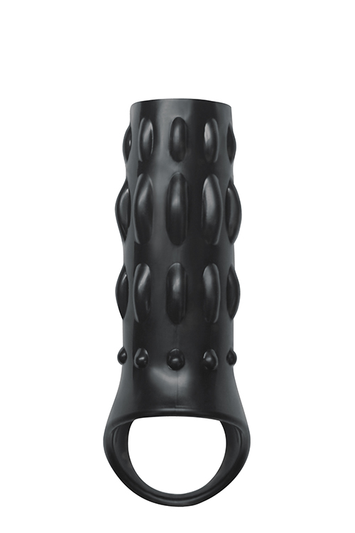 The Reversible Power Cage redefines versatility. Available in two colors, striking black or voyeur clear, this TPE power cage features large defined nubs to pleasure your partner during penetration. Flip the cage inside out and experience the textured surface yourself! TPE is stretchy, non-sticky, water-play friendly and enjoyable with lubricant. Easy to put on. Easy to clean. Add a little more easy to your intimate encounters.
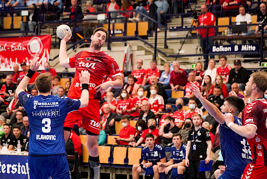 04.06.2022 10:20 // hkDie Eulen haben die dramatische Talfahrt gestoppt und am Freitagabend vor 1861 entfesselten Zuschauern mit einem 32:26 (18:13)-Sieg gegen HC Empor Rostock am vorletzten Spieltag den Klassenverbleib in der 2. Handball-Bundesliga geschafft. „Ich war von Anfang an zuversichtlich“, sagte Michel Abt, der in den zehn Tagen als Eulen-Trainer die Wende schaffte. „Es war kurz, aber du hast großen Anteil“, würdigte Geschäftsführerin Lisa Heßler die Arbeit des 31-Jährigen.
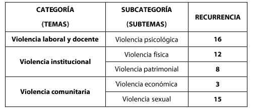 Meyer (2010) señala que delimitar objetos de estudio no es repetir mecánicamente algunos pasos de carácter metodológico, sino abordar un problema o fenómeno a partir de textos teóricos referentes a fin de contribuir al avance de una línea de investigación en esta área del conocimiento. Con el propósito de reconocer el principal objeto de estudio dentro de las investigaciones, e identificar los tipos de violencia que se revelan dentro de las IES, utilizando como técnica de investigación el análisis de contenido, el cuadro 6 muestra las categorías y subcategorías de violencia de género, clasificadas según su recurrencia dentro de los artículos de investigación.
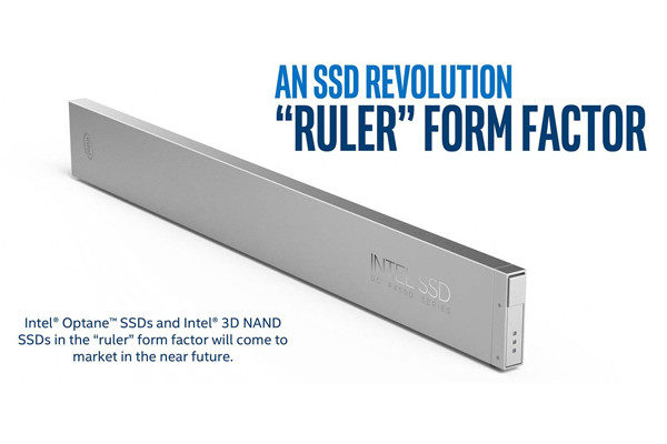این دیسک ها در فرم فکتور کاملاً جدید به نام «خط کش» (Ruler) عرضه می شوند. برخلاف درایوهای مرسوم که در ابعاد 2.5 و 3.5 اینچی عرضه می شوند، یا کارت های ذخیره سازی که با درگاه PCI-e سازگارند، اینتل از فرم فکتور طویل و باریکی استفاده کرده که درون رَک های استاندارد سرور نصب می شوند.

**Exercise instructions:** After dropping the pictures, please set down the lines from the beginning of the listing through the line containing "04.06.2022 10:20 //", both included, exactly as they stand.

**Problem solution:**
 The Reversible Power Cage redefines versatility. Available in two colors, striking black or voyeur clear, this TPE power cage features large defined nubs to pleasure your partner during penetration. Flip the cage inside out and experience the textured surface yourself! TPE is stretchy, non-sticky, water-play friendly and enjoyable with lubricant. Easy to put on. Easy to clean. Add a little more easy to your intimate encounters.
 04.06.2022 10:20 // hkDie Eulen haben die dramatische Talfahrt gestoppt und am Freitagabend vor 1861 entfesselten Zuschauern mit einem 32:26 (18:13)-Sieg gegen HC Empor Rostock am vorletzten Spieltag den Klassenverbleib in der 2. Handball-Bundesliga geschafft. „Ich war von Anfang an zuversichtlich“, sagte Michel Abt, der in den zehn Tagen als Eulen-Trainer die Wende schaffte. „Es war kurz, aber du hast großen Anteil“, würdigte Geschäftsführerin Lisa Heßler die Arbeit des 31-Jährigen.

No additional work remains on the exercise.